> [Records for this task]
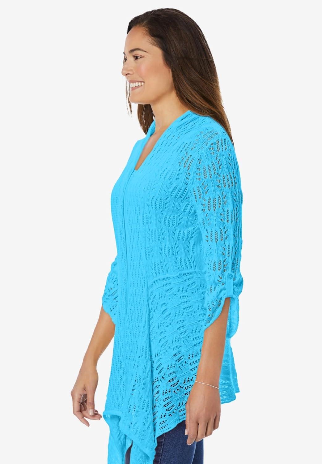 Woman Within Plus Size Open Front Pointelle Cardigan Sweater(Paradise Blue)
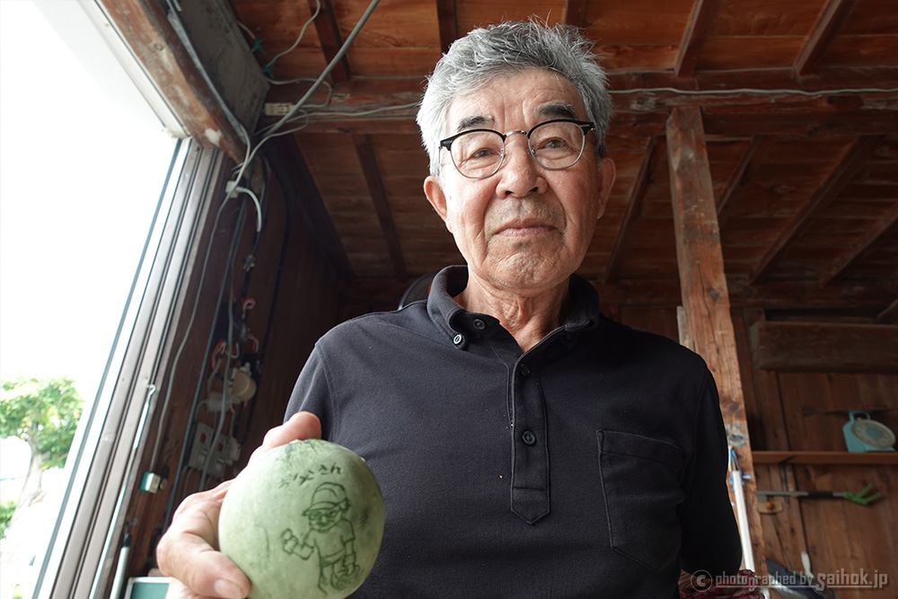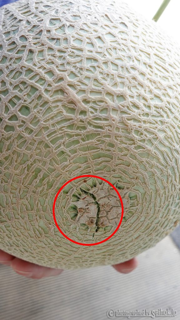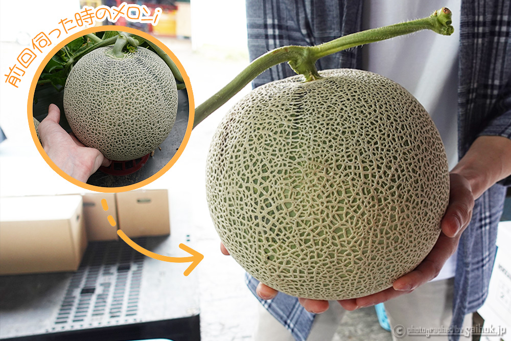 そんなカットしたメロンを惚れ惚れ見ていると、石川さんが自慢気に間引いた小さなメロンを見せてくれました。
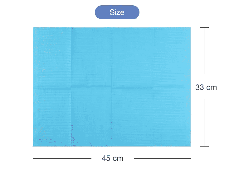 A: O tamanho é 45×66cm, o que é grande o suficiente para fornecer ampla cobertura tanto para pacientes adultos quanto para crianças durante o tratamento odontológico, protegendo suas roupas e a área ao redor.
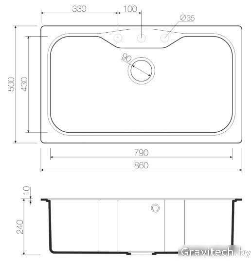 врезная на столешницу, искусственный камень, размеры: 86x50 см, глубина чаши: 24 см, в шкаф шириной от 90 см
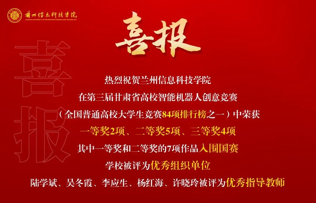 6月23日,第三届甘肃省高校智能机器人创意竞赛成功举办(2023年中国高等教育学会发布的全国普通高校大学生竞赛84项排行榜之一),beat365在线唯一官网参赛团队荣获一等奖2项、二等奖5项、三等奖4项;其中,一等奖和二等奖的7项作品入围国赛,学校被评为“优秀组织单位”。陆学斌教授、吴冬霞副教授、李应生、杨红海、许晓玲5名教师被评为“优秀指导教师”。
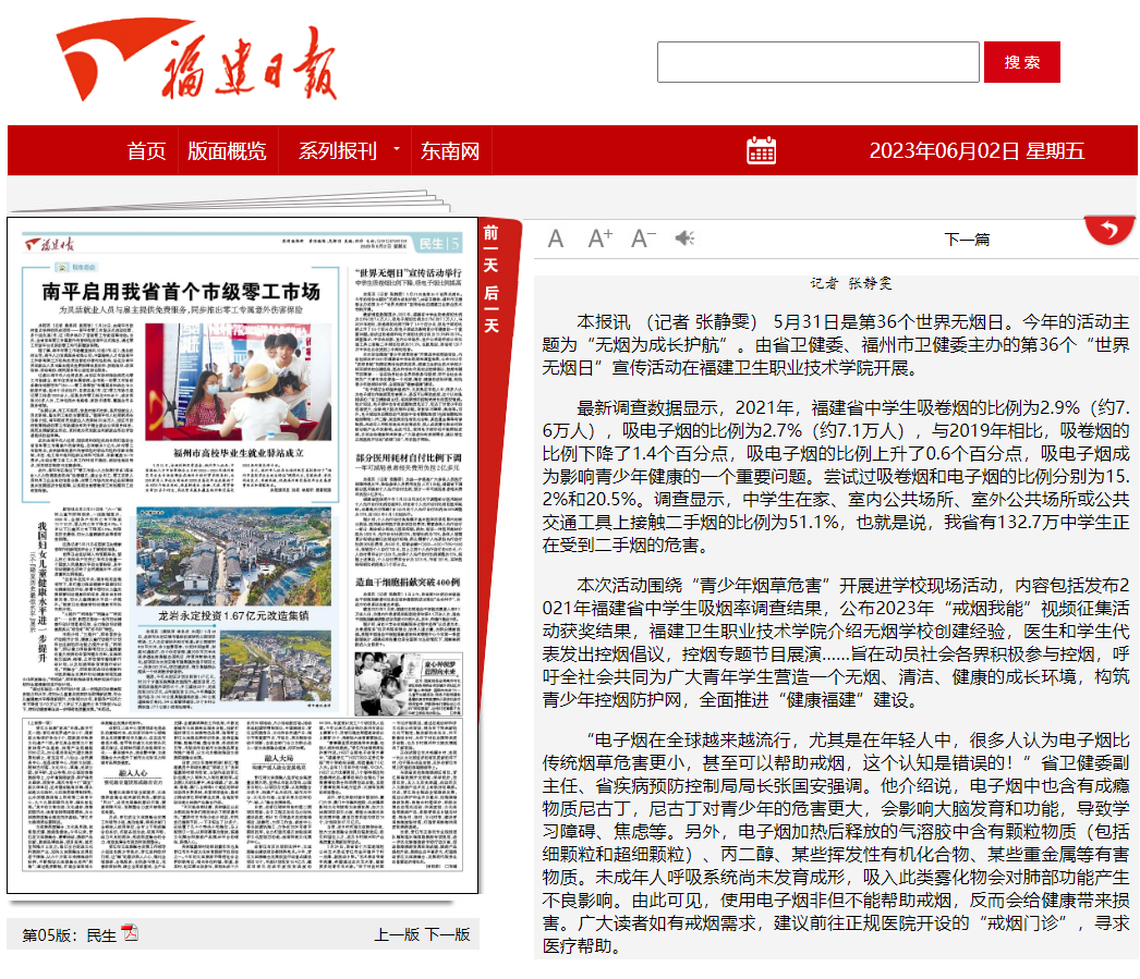 福州日报 2023年6月1日 链接:https://share.fznews.com.cn/pub/template/displayTemplate/news/newsDetail/159/428247.html?isShare=true
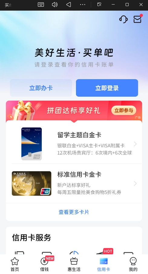 申请新卡:在“立即办卡”区域,可以浏览并申请各种类型的交通银行的信用卡,如“留学主题白金卡”、“标准信用卡金卡”等,享受不同的开卡礼遇。

> [Your goal] Pictures aside, every entry above must be repeated exactly.

> [Exercise solution]
 Woman Within Plus Size Open Front Pointelle Cardigan Sweater(Paradise Blue)
 そんなカットしたメロンを惚れ惚れ見ていると、石川さんが自慢気に間引いた小さなメロンを見せてくれました。
 A: O tamanho é 45×66cm, o que é grande o suficiente para fornecer ampla cobertura tanto para pacientes adultos quanto para crianças durante o tratamento odontológico, protegendo suas roupas e a área ao redor.
 врезная на столешницу, искусственный камень, размеры: 86x50 см, глубина чаши: 24 см, в шкаф шириной от 90 см
 6月23日,第三届甘肃省高校智能机器人创意竞赛成功举办(2023年中国高等教育学会发布的全国普通高校大学生竞赛84项排行榜之一),beat365在线唯一官网参赛团队荣获一等奖2项、二等奖5项、三等奖4项;其中,一等奖和二等奖的7项作品入围国赛,学校被评为“优秀组织单位”。陆学斌教授、吴冬霞副教授、李应生、杨红海、许晓玲5名教师被评为“优秀指导教师”。
 福州日报 2023年6月1日 链接:https://share.fznews.com.cn/pub/template/displayTemplate/news/newsDetail/159/428247.html?isShare=true
 申请新卡:在“立即办卡”区域,可以浏览并申请各种类型的交通银行的信用卡,如“留学主题白金卡”、“标准信用卡金卡”等,享受不同的开卡礼遇。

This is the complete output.